2. Withdrawal Symptoms
If you've been abusing alcohol or drugs for long periods, you may experience withdrawal symptoms when you stop taking them. Withdrawal symptoms are uncomfortable and can make quitting hard or cause a relapse. In some cases, they can be painful or fatal.
Addiction withdrawal symptoms include:
- Sleeping problems
- Sudden mood changes & irritability
- Depression or anxiety
- Aches and pains
- Intense craving for drugs or alcohol
- Tiredness or fatigue
- Nausea and vomiting
- Tremors or shaking
- Confusion or disorientation
3. Developing a Tolerance
Initially, using substances can lead to powerful effects with small doses because your body isn't accustomed to them.

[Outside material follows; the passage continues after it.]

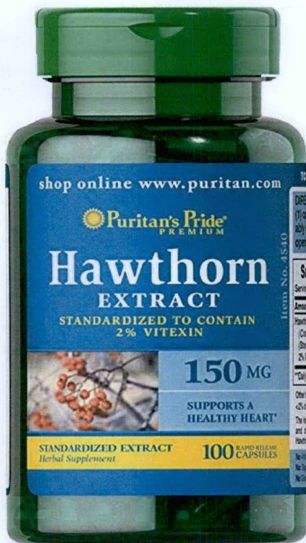
Figure 2. Unregistered PURITAN'S PRIDE Premium Hawthorn Extract, 150mg

However, the effects become less powerful when you start abusing drugs more consistently and frequently.
A higher tolerance can lead you to use more drugs or drink more alcohol to experience the desired effects. This can increase the risk of addiction, dependency, and overdose.

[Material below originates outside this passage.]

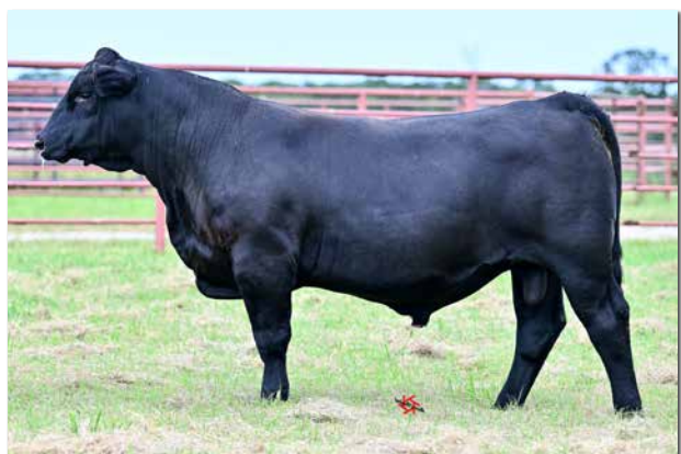
LUCAS LOGIC BOMB 231L Sells as Lot 39.

4. Health Problems Due to Substance Abuse
Substance abuse can lead to long-term physical and mental health problems. Consider seeking treatment if you're experiencing:
- A weakened immune system
- Increased heart rate and blood pressure
- Heart conditions or strokes
- Collapsed veins and blood vessels from intravenous drug use
- Nausea and abdominal pain
- Kidney and liver problems
- Seizures and brain damage
- Lung disease
- Memory, learning, and decision-making problems
- Significant weight loss or weight gain
5. Prioritizing Your Addiction Over Responsibilities
Becoming addicted to something can lead you to ignore or disregard your responsibilities. Often times you'll prioritize drinking or taking drugs.
This can lead to:
- Poor work performance
- Ignoring your loved ones
- Neglecting familial responsibilities
- Neglecting pets
6. Spending All Your Time on Drugs or Alcohol
You may have a problem if you're always preoccupied with using drugs or alcohol. When this happens, you may develop a lack of interest or motivation for:
- Going to school
- Your hobbies
- Spending time with family and friends
7. Getting in Trouble with the Law
Having an addiction or a substance use disorder can lead to legal problems. Some examples include:
- Driving under the influence
- Stealing money for drugs
- Stealing drugs or alcohol
- Becoming violent while inebriated
- Vandalism or destruction of property
- Domestic or sexual abuse
8. Financial Problems
You can experience financial problems when you abuse drugs or alcohol. You can quickly find yourself running out of money due to cravings, dependency, or to manage uncomfortable withdrawal symptoms. You may even end up causing financial problems for your loved ones to fund your addiction.
9. It's Hard to Quit
When you become addicted to a substance, you may find it hard to stop using it. You might need rehab if you've tried to quit but failed.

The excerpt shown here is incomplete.